The rolling prairies’ billowy swell,
Breezy upland and timbered dell,
Stately mansion and hut forlorn,
All are hidden by walls of corn.
~From WALLS OF CORN by Ellen P. Atherton
Late July and August paint heaven’s dome with soft shades of blue while the land below is brandished into bands of brown–wide bands of brown that stretch far and away across the Texas prairies. Some of these bands are made up of row after row of corn plants that were once tall and slender and green. Now that their ears of golden corn have been removed all that remains are acres and acres and miles and miles of brittle, brown stalks. Since the pretty, shiny silks and the hum of the bees that feasted on the pollen-laden tassels are gone, farmers are in the process of cutting down the dead stalks, exposing the furrowed rows beneath that stripe the earth with a beauty of their own. Although the land is currently bare, it yet speaks of holy promise and the field mice are dining like kings on the remaining nubbins still rooted in the fertile soil.
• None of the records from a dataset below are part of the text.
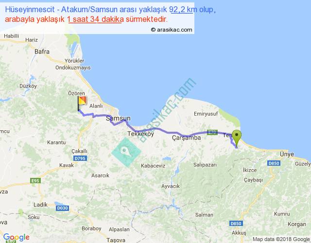 Hüseyinmescit - Atakum Samsun arası yaklaşık olarak 90 km/h ile yukarıda belirtilen sürede olup, iki yerin kuş uçuşu uzaklığı (mesafesi) 76'dir. Yolculuk otobüsle 2 saat 2 dakika sürmektedir.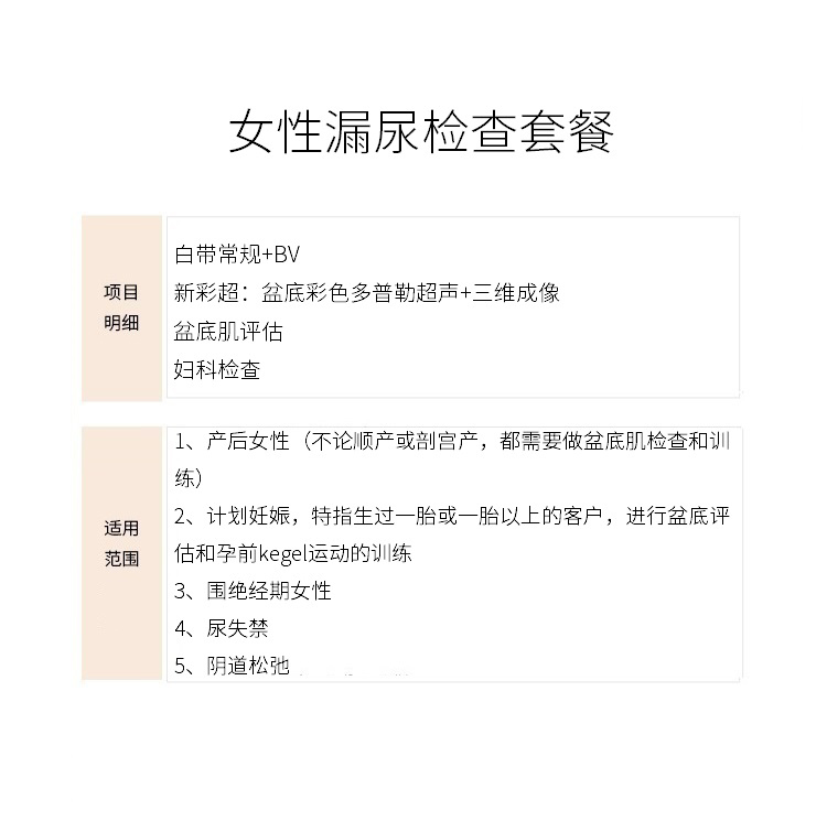 女性漏尿检查套餐(仅限初诊)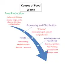 Food waste or food loss is food that is not eaten. The causes of food waste or loss are numerous and occur throughout the food system, during production, processing, distribution, retail and consumption. Global food loss and waste[2] amount to between one-third[3] and one-half[4] of all food produced. In low-income countries, most loss occurs during production, while in developed countries much food – about 100 kilograms (220 lb) per person per year – is wasted at the consumption stage.[5]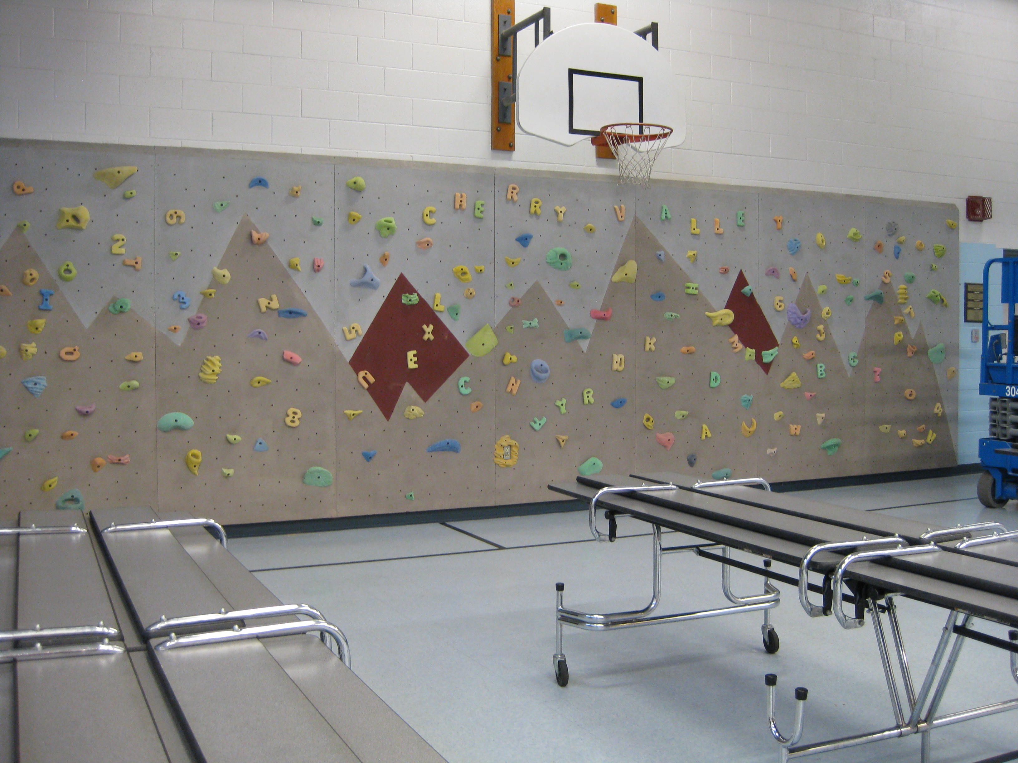 I washed every exterior window on that building, including ones on the roof looking into the cafeteria, and most of the interior ones. There aren’t as many on the south side of the school but enough. One of the other hard workers removed all the hand and foot holds off this climbing wall in the cafeteria/gym.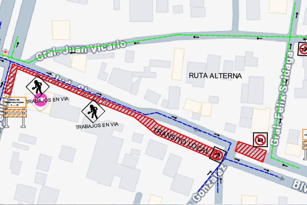 Como rutas alternas para quienes se incorporen desde el oriente al bulevar Hisense, se habilitarán temporalmente la calle General Félix Suldaga y la calle General Juan Vicario, ambas operando en un solo sentido.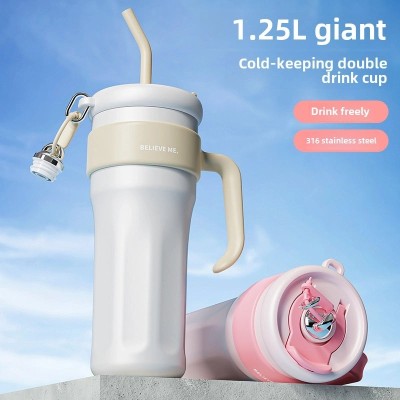 Trendy Large 1250ml Vacuum Straw Bottle for Women | Fashionable Stainless Steel Cold Drink Container | Drinkware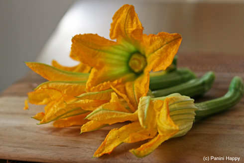 The food that get my attention: the fish in nutty crust; and the squash flowers.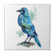 aquarelle traditionnelle d'un oiseau bleu et turquoise sur un carrelage en céramique.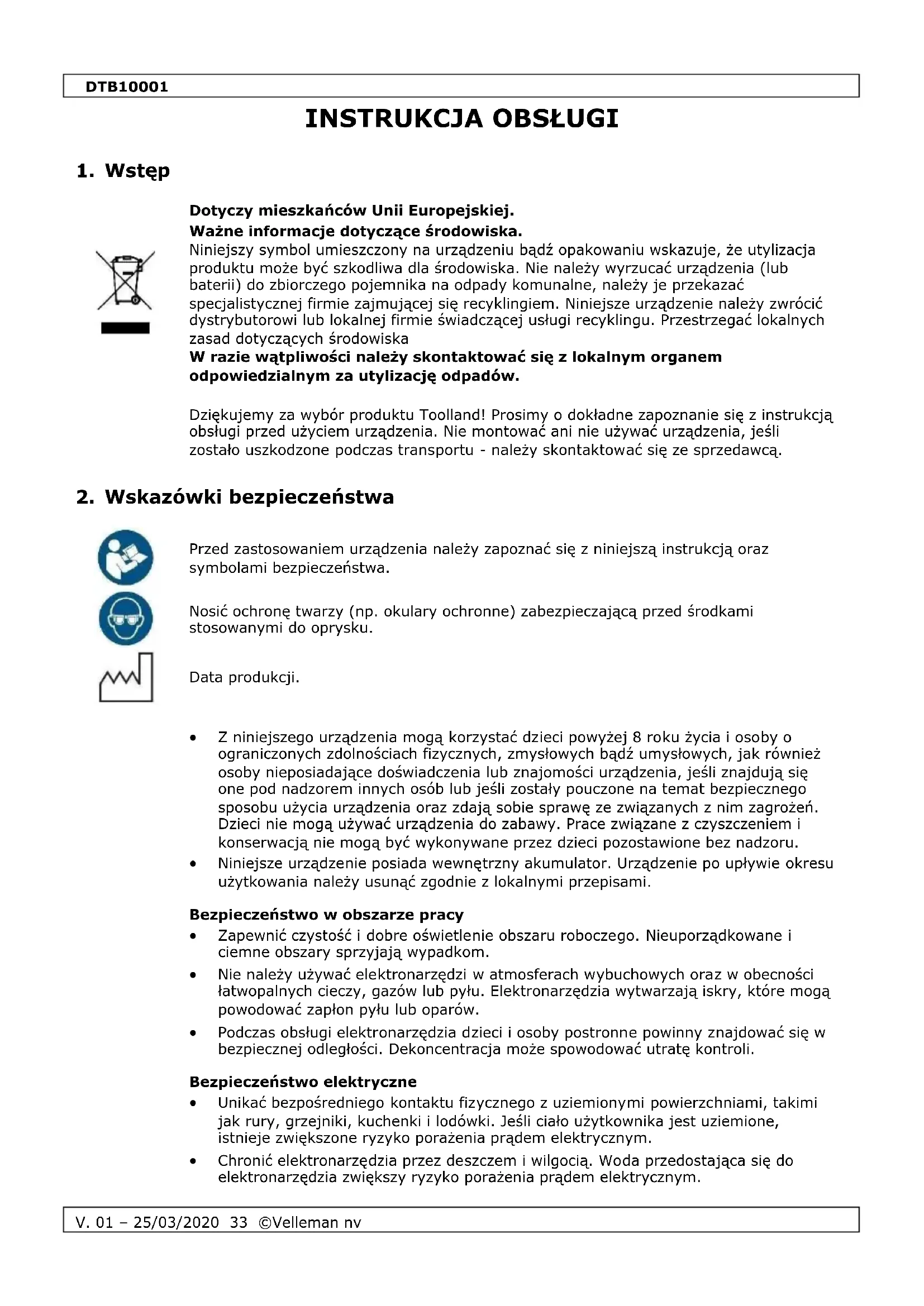 INSTRUKCJA OBSŁUGI DTB10001 Toolland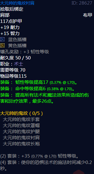 大元帅的鬼纹衬肩属性,拾取后绑定,肩部布甲,117点护甲,+19耐力,+15智力,蓝色插槽,黄色插槽,镶孔奖励:+3韧性等级,耐久度50/50,职业:术士,需要等级70,物品等级115,装备:韧性等级提高17(0.37%@L70)。装备:命中等级提高6(0.38%@L70)。装备:提高所有法术和魔法效果所造成的伤害和治疗效果,最多26点。

God’s continuing provisions and the uninterrupted reoccurrence of Eden’s cycles in the Genesis saga immeasurably comfort those who love and/or work close to the land. They know that only a Divine Hand could have set such things in motion because they’ve seen time and time again that Creation is far too cleverly and intricately designed to be the result of a random, cosmic “big bang.” Those kinds of indiscriminate explosions and sparks are finite, and there is simply nothing in them that guarantees prosperous continuance or that proves the faithful genius of a clear and lasting purpose in what they initiate. The resulting random events come and go with no rhyme or reason. Whereas in God’s Creation, verse and design can be found in everything; what He ordained in the beginning ceaselessly comes to pass.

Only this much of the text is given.